START Records supplied
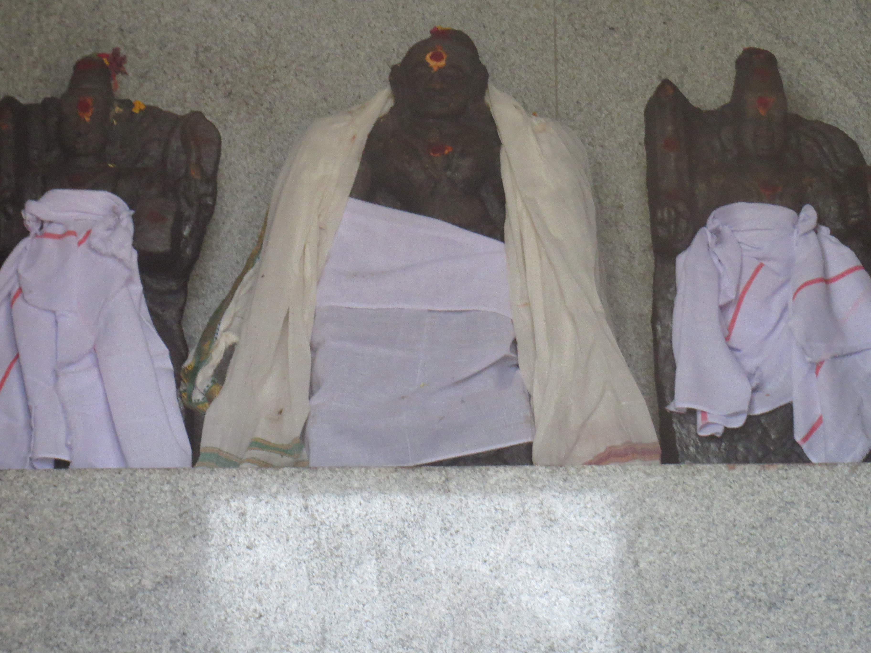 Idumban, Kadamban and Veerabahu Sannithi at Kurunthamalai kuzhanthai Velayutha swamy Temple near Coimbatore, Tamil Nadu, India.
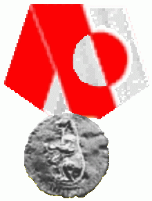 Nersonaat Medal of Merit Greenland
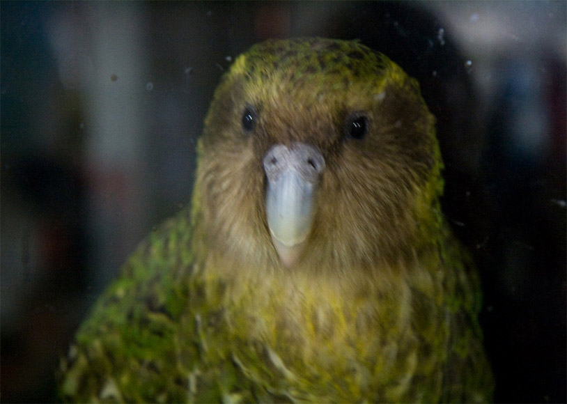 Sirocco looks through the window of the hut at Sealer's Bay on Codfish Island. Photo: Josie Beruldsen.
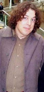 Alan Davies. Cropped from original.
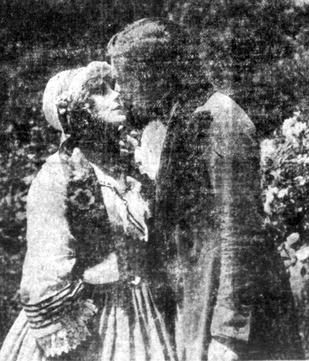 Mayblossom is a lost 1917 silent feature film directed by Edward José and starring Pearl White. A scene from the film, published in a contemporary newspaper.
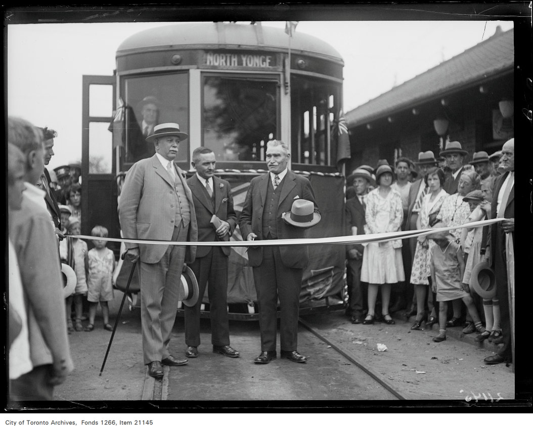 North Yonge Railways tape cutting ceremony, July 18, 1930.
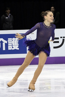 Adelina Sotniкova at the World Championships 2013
END Records supplied
*Task to complete*: Leave out the pictures and return every record word for word.

*Solution to the problem*:
 Idumban, Kadamban and Veerabahu Sannithi at Kurunthamalai kuzhanthai Velayutha swamy Temple near Coimbatore, Tamil Nadu, India.
 Nersonaat Medal of Merit Greenland
 Sirocco looks through the window of the hut at Sealer's Bay on Codfish Island. Photo: Josie Beruldsen.
 Alan Davies. Cropped from original.
 Mayblossom is a lost 1917 silent feature film directed by Edward José and starring Pearl White. A scene from the film, published in a contemporary newspaper.
 North Yonge Railways tape cutting ceremony, July 18, 1930.
 Adelina Sotniкova at the World Championships 2013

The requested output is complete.